From the video:
Patrick’s journal:
Case #183(a)
We first see the unraveling. I’ve watched him… change. I’ve been able to keep him at peace with the blend I’ve created, but even that seems to be failing. He spends every waking hour plotting revenge against those who turned him, those who walk in the shadowed places forgotten by the sun. He hates all of them, but they live in fear of him.
From the making of the video:
“And the baddest group of them all, the Dandies, and they’re, like, the British-inflected. They wear derby hats and when they bite you or fight you or whatever they do, they do it with style and grace, and they roll about seventeen deep.” – Alan Ferguson.
From Steve’s Untitled Rock Show:
“We have enough footage to, kind of, do this twenty minute version that has dialogue and stuff, and we want to put it together. It’s on our list of things to do. A very long list, I guess.” – Pete Wentz.
Fall Out Boy Promise An ‘Event’ Video For ‘Sixteen Candles’

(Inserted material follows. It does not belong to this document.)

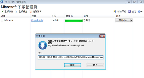 首頁電腦軟體上傳下載 「Microsoft 下載管理員」輕鬆管理你的網路下載項目 Microsoft 下載管理員 - 是由微軟所開發的免費工具,可用於輕鬆管理你的網路下載項目,不過 Microsoft 下載管理員 僅支援 Http 的通訊協定,開始下載後,Microsoft 下載管理員 容易使用的介面會顯示下載作業的狀態,並可暫停執行中的下載作業或繼續失敗的下載作業。 🔔 不錯過任何精彩! 立即訂閱我們的 LINE 官方帳號 每次發佈新文章時,您將會第一時間收到本站文章連結通知,輕鬆掌握最新資訊! 使用 LINE 追蹤文章更新 §相關文章,還可以參閱:ArrowDL 全平台下載利器:輕鬆批量下載 YouTube、BT、FB與多站串流影片YouTubePlaylistDownloader 支援播放清單與頻道的 YouTube 影片下載工具,還能轉換格式Parabolic 讓 yt-dlp 更好用的免費影音下載工具,支援上千個網站的影音下載Hasleo Windows ISO Downloader 幫你從微軟網站下載原版 Windows ISO 檔XMusicDownloader 從音樂網站搜尋並下載歌曲的免費應用程式 如何使用「Microsoft 下載管理員」? 1.下載、安裝(必須具有電腦的系統管理存取權才能安裝 Microsoft 下載管理員),安裝完成後,開啟程式主介面,若要開始下載,可複製下載的檔案網址,並按下[新的下載]按鈕,在其所出現的對話視窗,貼上剛剛所複製的檔案網址後,點擊[確定],便會開始下載任務,下載期間可以暫停或恢復。 (Microsoft 下載管理員 僅支援 Http 的通訊協定) 2.可點擊右上角的[設定],可設定檔案下載後的儲存路徑、連線數上限...等等。 Microsoft 下載管理員版本:1.2.1語言:繁體中文(多國語言)性質:免費適用:Windows官方網站:http://www.microsoft.com/zh-tw/download/details.aspx?id=27960下載:按我下載

Fall Out Boy have already tackled such hot-button issues as girl-on-boy (with antlers) love and prom-night existentialism in their music videos, so when it came time to decide on a treatment for their next clip, they chose to simplify things. Sort of.
“We’re about to do a video for ‘A Little Less Sixteen Candles, A Little More “Touch Me,” ‘ and it’s going to be an ‘event’ video. It’s a total departure from our ‘Dance, Dance’ clip,” FOB bassist Pete Wentz told MTV News. “The song title references Molly Ringwald and Samantha Fox’s [1986] album Touch Me, and the song itself is kind of about that. It’s a make-out song, so the video’s going to be the same thing. But really cinematic too.”
OK then. Fall Out Boy actually started shooting the “Sixteen Candles” video Monday, taking over the back lot at Hollywood’s Paramount Studios for three days. And though Wentz swears the clip will be nothing like their “TRL”-topping “Dance, Dance,” it won’t be totally dissimilar. After all, FOB are working with the same director.
“Alan Ferguson will be directing this one, too, but it will be different,” Wentz said. “It’s a little bit darker than the things we’ve done before, but it’s also like a throwback to stuff we grew up with. We always want to go with videos that are exciting for everybody. It’s going to be something that you wouldn’t see on TV anymore.”